- **What to work on**:
When the data below is printed, every line must match exactly and the images must be absent.

- **Source data**:
■ ■ ■
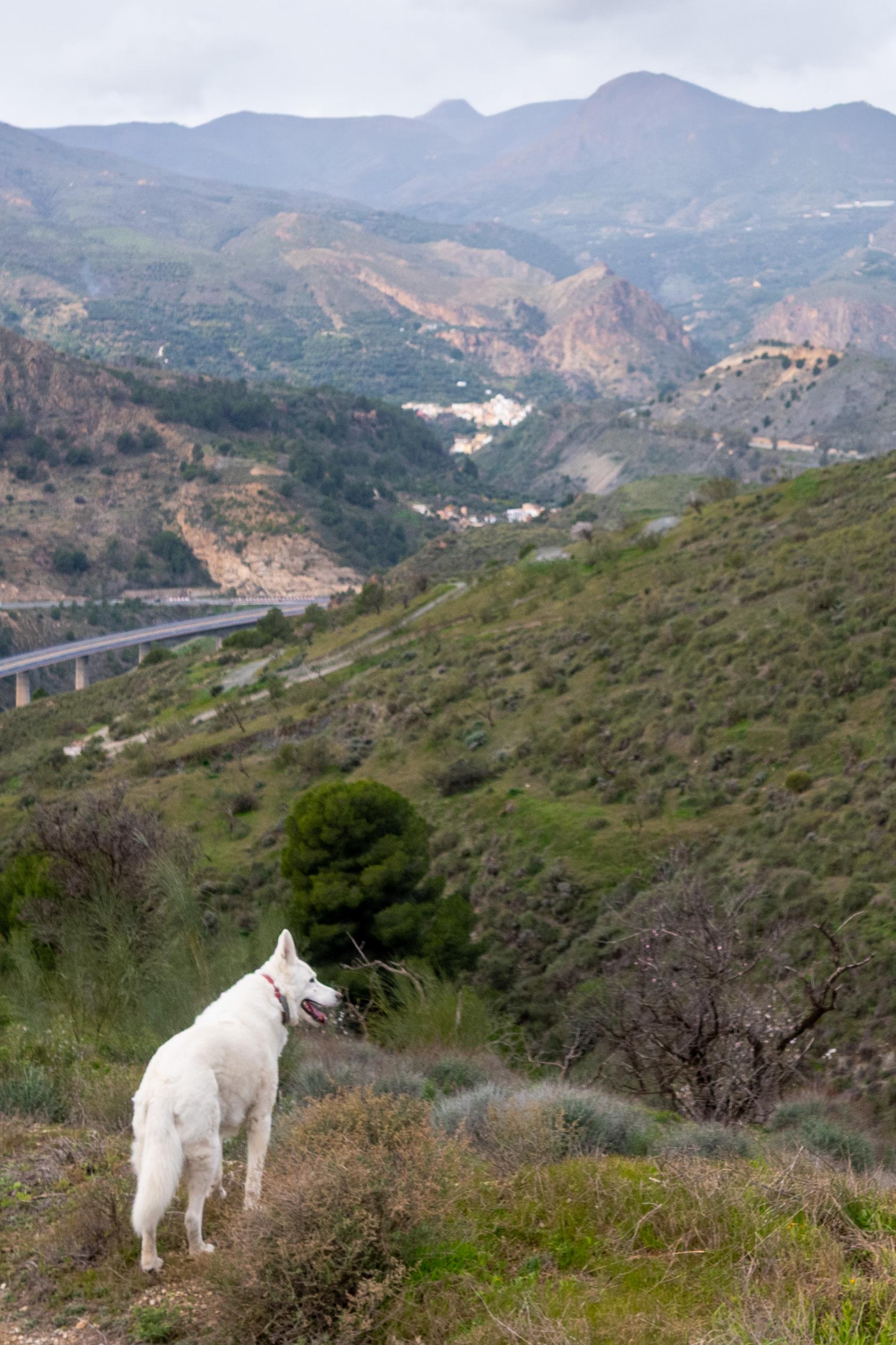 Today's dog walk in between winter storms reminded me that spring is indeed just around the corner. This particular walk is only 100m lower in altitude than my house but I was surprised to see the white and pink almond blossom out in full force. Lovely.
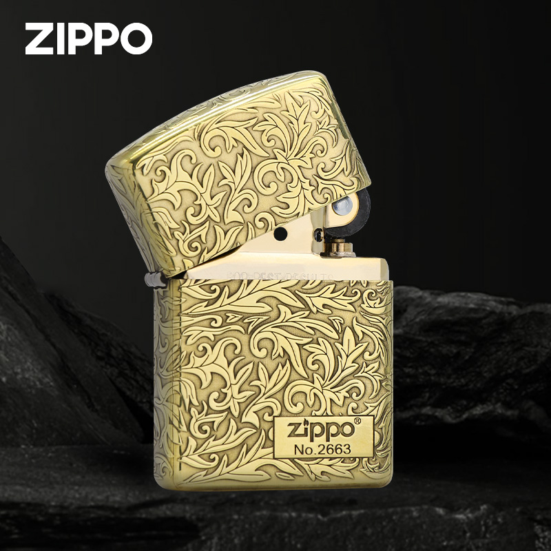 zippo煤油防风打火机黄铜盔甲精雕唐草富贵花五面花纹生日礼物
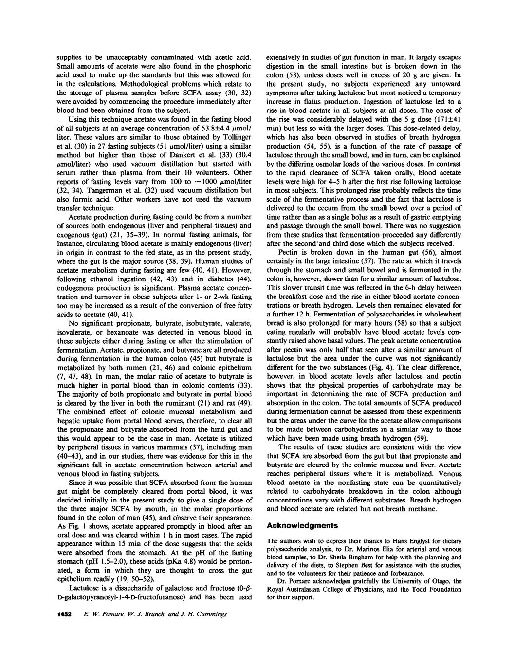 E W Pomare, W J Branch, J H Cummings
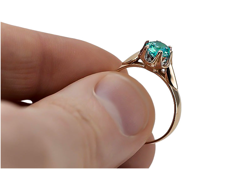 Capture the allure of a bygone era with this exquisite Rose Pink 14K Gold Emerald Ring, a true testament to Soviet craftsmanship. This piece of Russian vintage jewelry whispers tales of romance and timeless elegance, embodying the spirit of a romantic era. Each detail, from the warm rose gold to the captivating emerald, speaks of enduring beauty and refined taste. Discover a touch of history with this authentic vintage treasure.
■ ■ ■
- **The completed task**:
 Today's dog walk in between winter storms reminded me that spring is indeed just around the corner. This particular walk is only 100m lower in altitude than my house but I was surprised to see the white and pink almond blossom out in full force. Lovely.
 zippo煤油防风打火机黄铜盔甲精雕唐草富贵花五面花纹生日礼物
 E W Pomare, W J Branch, J H Cummings
 Capture the allure of a bygone era with this exquisite Rose Pink 14K Gold Emerald Ring, a true testament to Soviet craftsmanship. This piece of Russian vintage jewelry whispers tales of romance and timeless elegance, embodying the spirit of a romantic era. Each detail, from the warm rose gold to the captivating emerald, speaks of enduring beauty and refined taste. Discover a touch of history with this authentic vintage treasure.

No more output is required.